Kong Fanhua ist Dorfvorsteherin einer chinesischen Provinz und Heldin in dem Roman „Der Granatapfelbaum, der Kirschen trägt“. Als sie zur Wiederwahl antritt, sehen ihre Chancen zunächst blendend aus, bis die Bäuerin Xuedai ihr mit einer außerplanmäßigen dritten Schwangerschaft in der Einkindgesellschaft Chinas einen Strich durch die Rechnung macht.

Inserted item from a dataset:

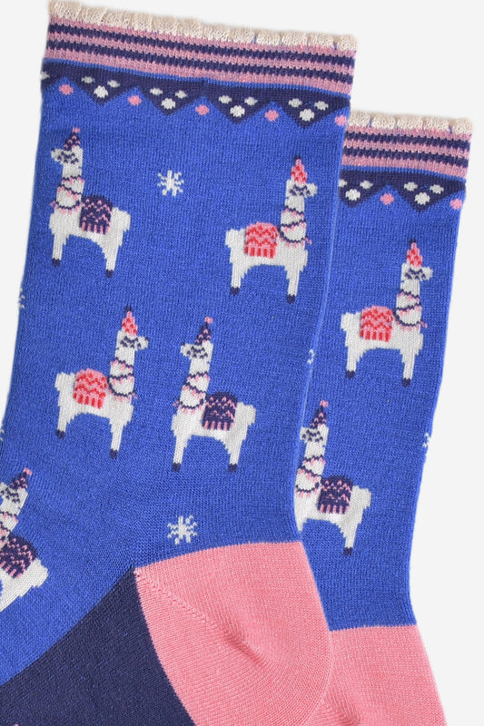 Women's Bamboo Socks - Blue/Pink, Party Llamas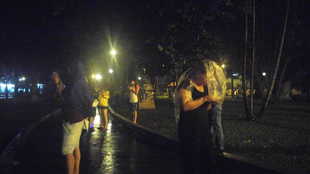 Đến 23h, cơn mưa vẫn chưa ngớt, nhiều người vẫn nán lại công viên Tao Đàn. Họ rảo quanh công viện trong những chiếc ô, áo mưa và thậm chí có nhiều người chỉ đội lên đầu một bao nilon, chiếc áo khoác có mũ sũng nước, lượn lờ trong công viên tối om để săn thú ảo.

 „Fanhua stellte ihre Reisschale auf den Tisch und ging hinaus. Sie wollte sich Xuedais Bauch einmal anschauen. Sobald sie an diesen Bauch dachte, kam es ihr vor, als stünde alles kopf, als ginge die Sonne im Westen auf. Noch im vergangenen Monat hatte das Familienplanungsbüro der Gemeinde Untersuchungen durchgeführt und bei jeder unplanmäßigen Schwangeren gleich an Ort und Stelle den Eingriff vorgenommen. Wie konnte Xuedai da nur übersehen worden sein?“

 So beginnt Fanhua mit ihren Ermittlungen und stößt dabei auf allerlei Ungereimtheiten. Vielen Dorfbewohnern stattet Fanhua vor der Wahl einen Besuch ab, um sich bezüglich der Bedürfnisse und des Wohlergehens ihrer Schützlinge auf dem laufenden zu halten und trifft dabei auf so allerlei seltsame Gestalten. So zum Beispiel auch auf den Landrat Zhang.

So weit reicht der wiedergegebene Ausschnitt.